The key to a long life has to do with fast walking! According to Stan, the speed of one’s pace is indicative of one’s potential for health and long life. Who would have thought? I was blown away. I said “well, then, there is so much hope for me!” Matt offered, “keep doing what you are doing, in spite of wobbly knees.” I said I would and I plan to not change a thing.

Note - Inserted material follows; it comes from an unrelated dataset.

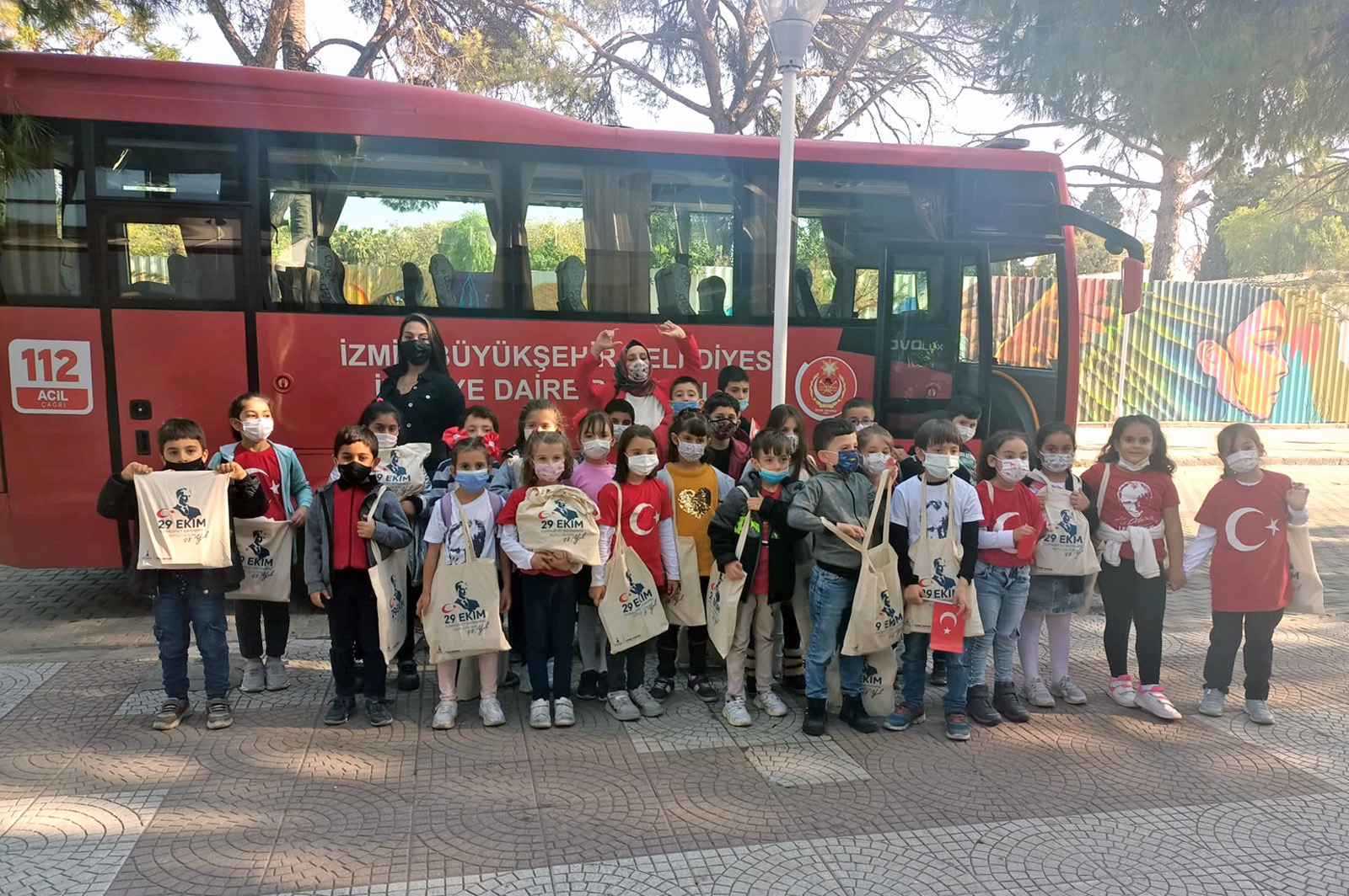 İzmir Büyükşehir Belediyesi İtfaiye Dairesi ve Kültür Sanat Dairesi Başkanlıkları 29 Ekim’de çocukları İstiklal Sergisine götürdüler.

I began to think about this topic as something was nagging at me. Who else walks fast that I know of? Why, my Mother! I always compliment her on the fact that she can walk up the steepest San Francisco hill and beat the best of us. She is 86 years old and has not lived the healthiest of lives. She’s abused sugar and abused liquid concoctions, to put it nicely, and she overindulges in worry. Yet, here is she, 86 and counting; thin and energetic, having outlived her husband who was a health nut but didn’t walk and internalized stress. We all thought for sure our Mother would go first and it was quite a shock that Dad went first. We then thought she wouldn’t last 9 months after our Dad’s passing. Well it’s been 8 years.
So how can I judge? How can any of us judge what is the life path for anyone else? I believe in making sound health decisions, and I try to take care of myself. I don’t believe that anyone should start to abuse sugar or alcohol, simply because they happen to be “fast walkers” !! I personally want to hedge my bets and make choices that give me a chance at optimal health. But there seem to be a number of factors to health and longevity that present an out-and-out mystery. I think we’ve all heard stories about the 110 year old woman or man who attributes their health to a dose of whiskey each night. My father took a lot of vitamins and ate organic vegetables, yet he had a lot of stress and he succumbed to a fast moving cancer.
As one health practioner put it to me when I was in the throes of grief in the aftermath of my father’s passing:
Wear your heart on your sleeve.
I was given these words of wisdom because my dear Father had internalized and swallowed so much. So, here I am on this little blog, exposing my heart. I hope you get some inspiration from it.